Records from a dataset
____

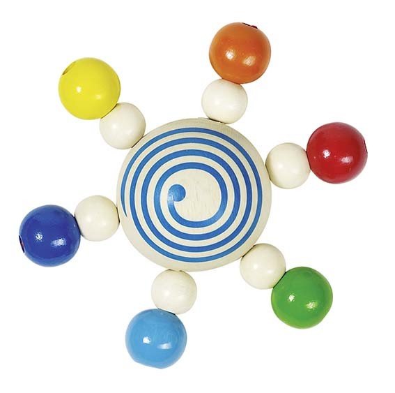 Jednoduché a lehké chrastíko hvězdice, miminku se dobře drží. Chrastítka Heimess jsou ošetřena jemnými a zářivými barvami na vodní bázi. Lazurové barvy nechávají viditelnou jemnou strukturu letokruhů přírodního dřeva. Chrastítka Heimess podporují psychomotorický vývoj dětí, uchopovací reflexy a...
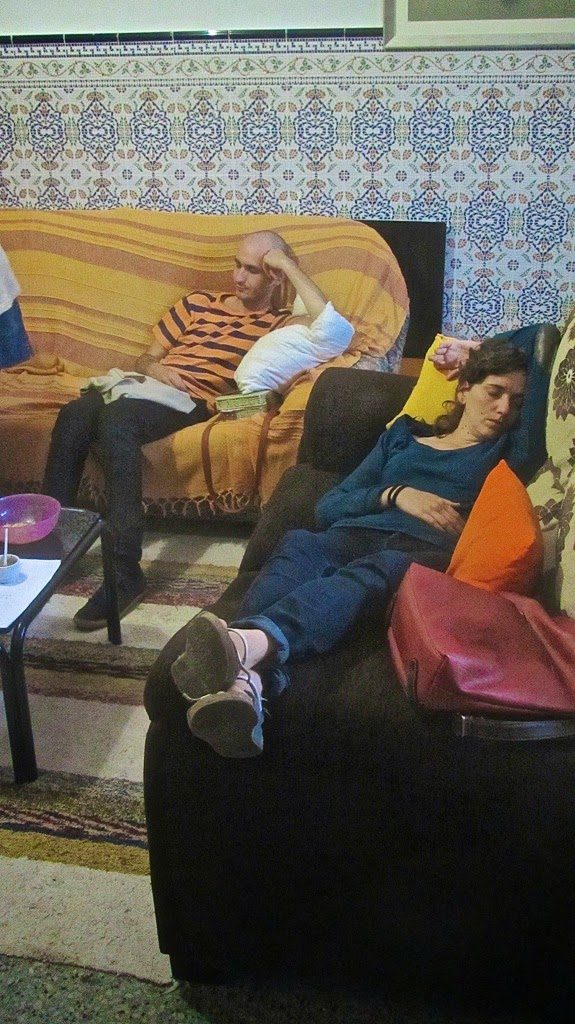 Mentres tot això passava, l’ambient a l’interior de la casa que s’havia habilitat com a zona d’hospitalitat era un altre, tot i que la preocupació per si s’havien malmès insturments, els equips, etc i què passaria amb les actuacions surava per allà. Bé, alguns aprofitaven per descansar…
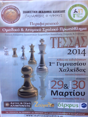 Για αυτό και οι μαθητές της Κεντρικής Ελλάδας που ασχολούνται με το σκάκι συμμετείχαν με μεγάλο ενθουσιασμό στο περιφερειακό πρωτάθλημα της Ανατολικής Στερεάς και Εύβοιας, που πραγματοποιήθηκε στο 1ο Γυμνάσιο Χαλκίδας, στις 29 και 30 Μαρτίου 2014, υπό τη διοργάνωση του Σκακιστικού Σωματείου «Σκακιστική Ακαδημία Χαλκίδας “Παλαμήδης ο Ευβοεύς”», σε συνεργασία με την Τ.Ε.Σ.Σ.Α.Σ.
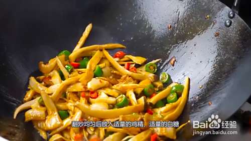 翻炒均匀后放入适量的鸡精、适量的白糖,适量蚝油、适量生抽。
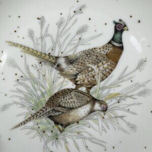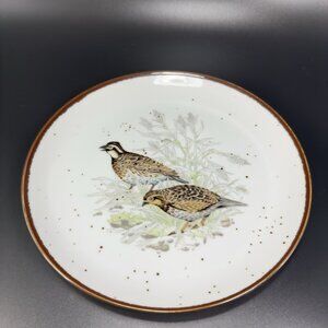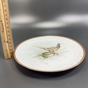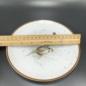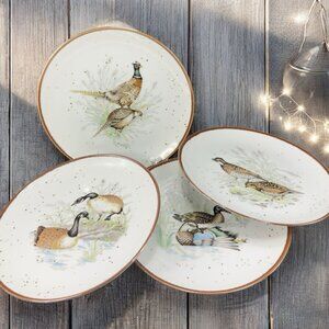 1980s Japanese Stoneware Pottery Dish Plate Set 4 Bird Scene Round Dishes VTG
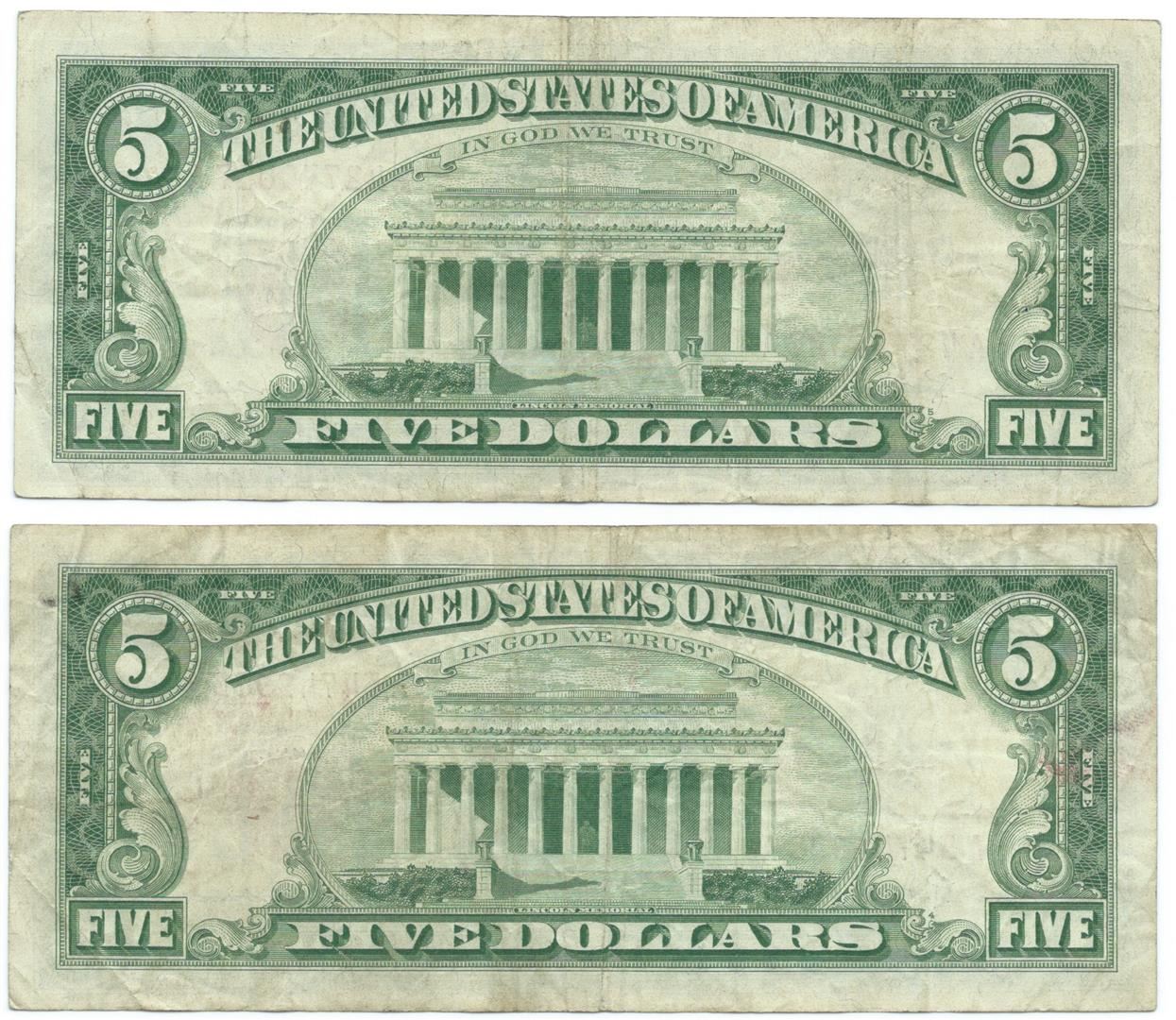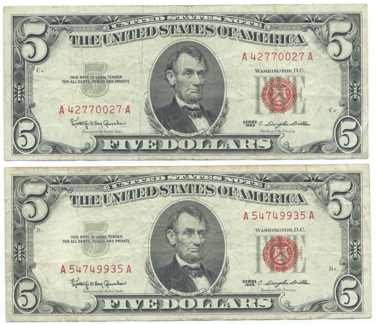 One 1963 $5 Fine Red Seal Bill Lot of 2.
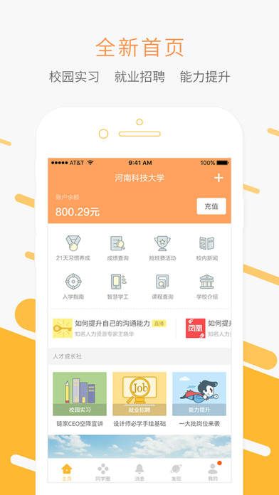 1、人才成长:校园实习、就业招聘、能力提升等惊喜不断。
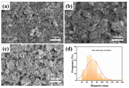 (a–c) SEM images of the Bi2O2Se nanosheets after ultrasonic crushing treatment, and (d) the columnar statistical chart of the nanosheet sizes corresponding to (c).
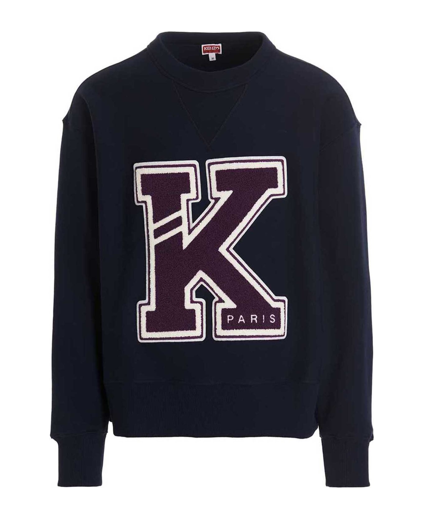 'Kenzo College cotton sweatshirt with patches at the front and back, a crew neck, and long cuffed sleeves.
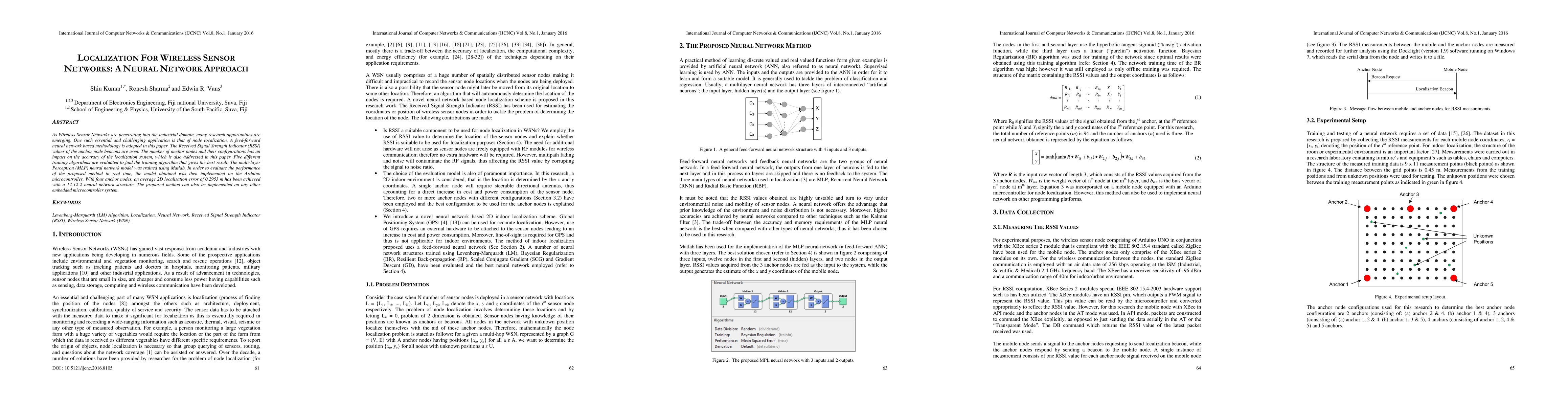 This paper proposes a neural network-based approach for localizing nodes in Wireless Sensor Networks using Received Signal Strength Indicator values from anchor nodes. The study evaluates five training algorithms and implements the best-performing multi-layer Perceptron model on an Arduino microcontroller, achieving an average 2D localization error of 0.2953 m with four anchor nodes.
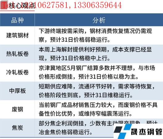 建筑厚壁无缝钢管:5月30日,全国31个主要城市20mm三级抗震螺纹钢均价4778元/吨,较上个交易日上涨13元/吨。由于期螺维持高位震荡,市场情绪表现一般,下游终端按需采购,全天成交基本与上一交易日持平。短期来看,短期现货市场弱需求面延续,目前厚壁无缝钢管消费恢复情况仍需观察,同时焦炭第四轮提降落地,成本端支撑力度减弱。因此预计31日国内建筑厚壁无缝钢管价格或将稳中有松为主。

____

_EXERCISE AIM_.
Pictures are to be left out, and the lines from the beginning of the records through the line with "翻炒均匀后放入适量的鸡精、适量的白糖,适量蚝油、适量生抽。" are to be printed exactly, with nothing added.

_SOLVED PROBLEM_.
 Jednoduché a lehké chrastíko hvězdice, miminku se dobře drží. Chrastítka Heimess jsou ošetřena jemnými a zářivými barvami na vodní bázi. Lazurové barvy nechávají viditelnou jemnou strukturu letokruhů přírodního dřeva. Chrastítka Heimess podporují psychomotorický vývoj dětí, uchopovací reflexy a...
 Mentres tot això passava, l’ambient a l’interior de la casa que s’havia habilitat com a zona d’hospitalitat era un altre, tot i que la preocupació per si s’havien malmès insturments, els equips, etc i què passaria amb les actuacions surava per allà. Bé, alguns aprofitaven per descansar…
 Για αυτό και οι μαθητές της Κεντρικής Ελλάδας που ασχολούνται με το σκάκι συμμετείχαν με μεγάλο ενθουσιασμό στο περιφερειακό πρωτάθλημα της Ανατολικής Στερεάς και Εύβοιας, που πραγματοποιήθηκε στο 1ο Γυμνάσιο Χαλκίδας, στις 29 και 30 Μαρτίου 2014, υπό τη διοργάνωση του Σκακιστικού Σωματείου «Σκακιστική Ακαδημία Χαλκίδας “Παλαμήδης ο Ευβοεύς”», σε συνεργασία με την Τ.Ε.Σ.Σ.Α.Σ.
 翻炒均匀后放入适量的鸡精、适量的白糖,适量蚝油、适量生抽。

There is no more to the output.